Basically, it seems like a lot of arguments between people are a result of not properly defining what is discussed (and the last author on this paper probably agrees). I never read Hume, but adding a fancy philosopher quote is a necessary step towards creating the illusion that I know what I’m talking about. In reality, the reason I’m writing this blogpost is because I didn’t understand the Learning in High Dimension paper at all on first reading. With this post I hope to get a better understanding of it, and share that understanding.
At the end this post, we will hopefully know more about the following terms:
- The curse of dimensionality
- Convex hull
- Ambient dimension
- Intrinsic dimension / data manifold dimension
- Interpolation / extrapolation
The Key Idea
The key idea in this paper is that we shouldn’t be using interpolation and extrapolation (in the way the terms are defined in this paper) as indicators of generalization performance, because models are likely extrapolating. That is true even for data manifolds with moderate intrinsic dimensions. What counts is the dimensionality of the data representation, which is often much higher than the intrinsic dimension. The authors think researchers that equate generalization with extrapolation should develop appropriate geometrical definitions of extrapolation that actually align with generalization in the context of high dimensional data. So let’s dive in!
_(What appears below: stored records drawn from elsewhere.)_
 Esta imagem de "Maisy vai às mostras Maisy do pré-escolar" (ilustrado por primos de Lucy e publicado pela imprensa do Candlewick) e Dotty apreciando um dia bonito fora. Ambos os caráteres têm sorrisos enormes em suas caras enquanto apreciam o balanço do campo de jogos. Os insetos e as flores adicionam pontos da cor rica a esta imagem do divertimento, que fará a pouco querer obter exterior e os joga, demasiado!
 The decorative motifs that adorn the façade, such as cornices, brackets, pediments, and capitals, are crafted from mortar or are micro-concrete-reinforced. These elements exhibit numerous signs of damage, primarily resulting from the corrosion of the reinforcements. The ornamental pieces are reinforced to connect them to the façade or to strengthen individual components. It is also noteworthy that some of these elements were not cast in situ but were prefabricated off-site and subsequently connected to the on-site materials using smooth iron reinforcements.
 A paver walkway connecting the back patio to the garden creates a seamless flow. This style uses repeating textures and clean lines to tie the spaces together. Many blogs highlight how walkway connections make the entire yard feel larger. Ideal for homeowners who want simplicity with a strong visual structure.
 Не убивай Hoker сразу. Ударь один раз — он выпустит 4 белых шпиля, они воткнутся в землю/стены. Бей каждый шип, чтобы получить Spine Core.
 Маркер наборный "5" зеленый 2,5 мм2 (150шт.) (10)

When are we interpolating?
In this section: Interpolation, Extrapolation, Convex Hull, Convex Combination, Linear Combination, Curse of Dimensionality
The definition of interpolation in the paper is the following:
Definition 1. Interpolation occurs for a sample \(\mathbf{x}\) whenever this sample belongs to the convex hull of a set of samples \(\mathbf{X} \triangleq \{\mathbf{x}_1, \dots, \mathbf{x}_N\}\), if not, extrapolation occurs.
So what is the convex hull of a set of samples?
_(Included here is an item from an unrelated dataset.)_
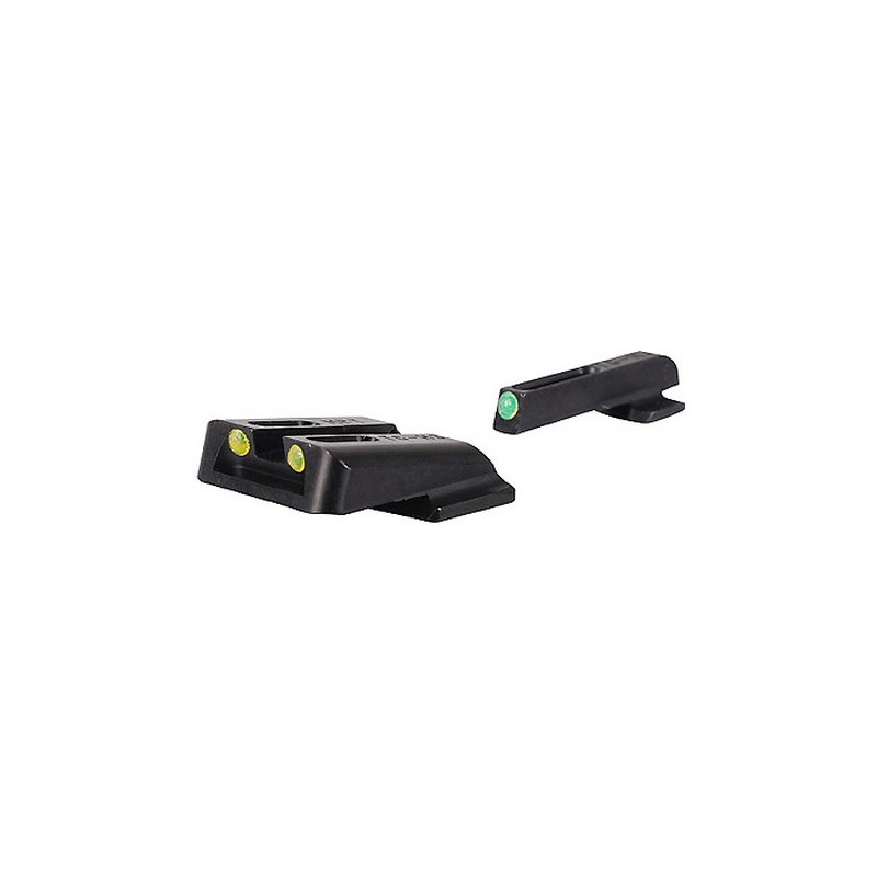 TruGlo Fiber Optic Sight Set S&W M&P, SD9, SD40 Steel Tritium / Fiber Optic Green Front, Yellow Rear. Sight is bright and visible regardless of the lighting conditions. Fiber optics capture and amplify any available light, while a tritium vial provides illumination during complete darkness. Steel construction. Rear sight is adjustable for windage. Three dot sight system with high visibility dots.

A vector \(\mathbf{x}\) lies within the convex hull of a set of samples \(\mathbf{x}_1, \dots, \mathbf{x}_N\) if we can write it as a convex combination of the samples:
\[\mathbf{x} = \lambda_1 \mathbf{x}_1 + \dots + \lambda_N \mathbf{x}_N\]Subject to the constraints: \(\lambda_i \geq 0\) and \(\sum_i \lambda_i = 1\). Let’s have a look at what that means in a dimension we can still visualize.
Everything within (or on) this square is a convex combination of the convex hull of the four samples, everything outside it but still in \(\mathbb{R}^2\) is a linear combination of the samples, relaxing the constraints on the \(\lambda_i\)’s. Note that we can easily calculate the probability of lying within the convex hull of samples here if we assume that all values will lie between zero and three. Let’s say we sample points uniformly between zero and three for both dimensions, then the probability that a new sample lies within the convex hull of the four ‘training’ samples is the area of the convex hull divided by the total area:
\[p(\mathbf{x} \in \text{Hull}(\mathbf{X})) = \frac{1}{9}\]In general, for a convex hull with area \(c\) in \(\mathbb{R}^2\) and data points in \([x_0, x_1]\) the probability of lying in the convex hull of the four training samples is \(\frac{c}{(x_1 - x_0)^2}\).
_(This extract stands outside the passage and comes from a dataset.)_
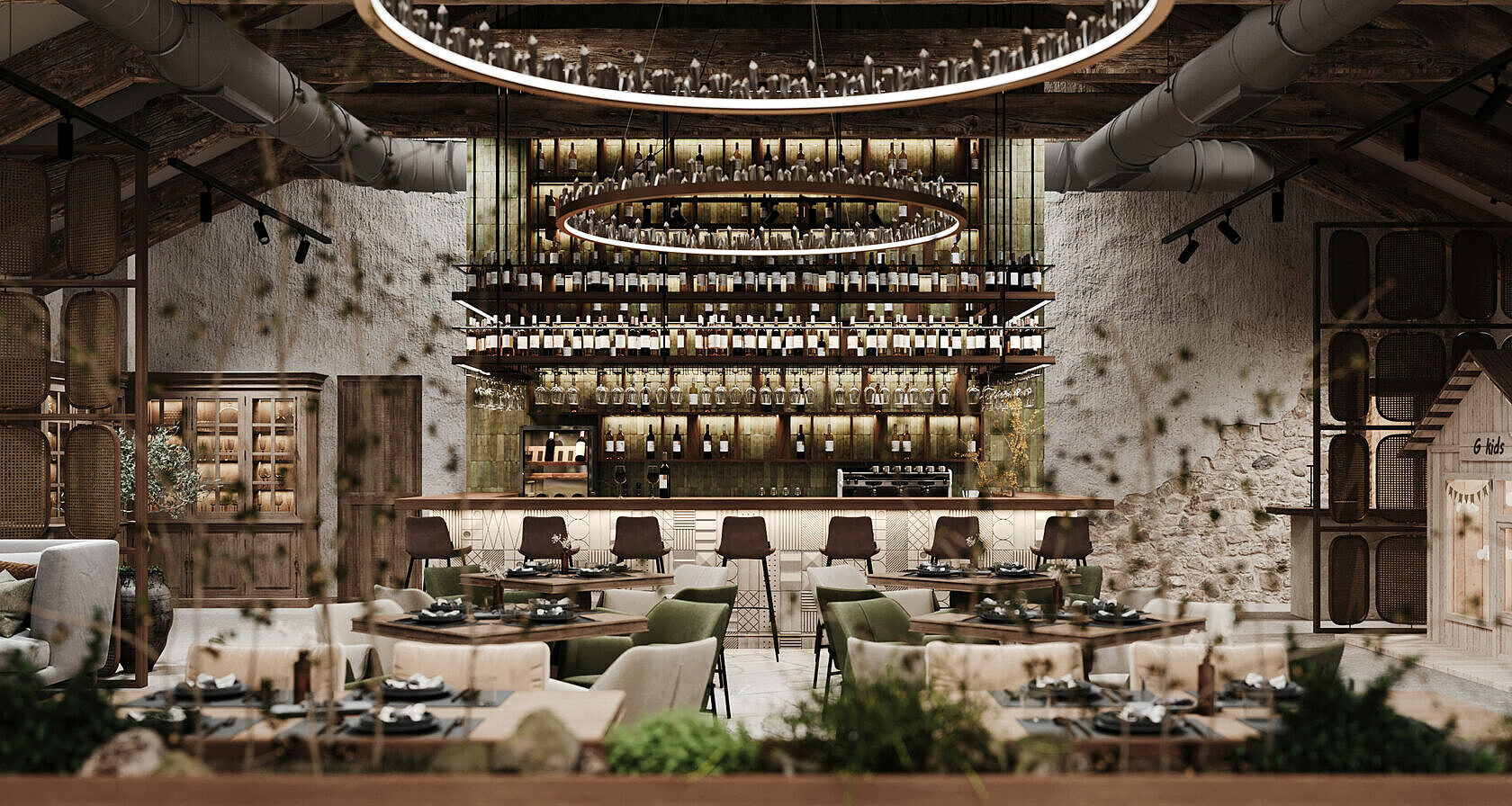 В ресторане есть уютная зона с действующим камином. Найдутся здесь занятия и для самых юных посетителях. Их ждет маленький домик с бизибордом, телевизором и детской кухней. Созданы условия и для маломобильных граждан.

Now let’s see what happens if we move to three dimensions. We’ll stretch out the square from above into a cube and calculate the probability of lying within this cube.
This cube has a volume of one, and the probability of lying within this cube has become:
\[p(\mathbf{x} \in \text{Hull}(\mathbf{X})) = \frac{1}{27}\]In general, for a convex hull with volume \(c\) in \(\mathbb{R}^3\) and data points in \([x_0, x_1]\) the probability of lying in the convex hull is \(\frac{c}{(x_1 - x_0)^3}\). This provides some intuition as to why the probability of lying within the convex hull (i.e., being in interpolation regime) quickly goes down as the dimensionality of the problem goes up – exponentially quickly.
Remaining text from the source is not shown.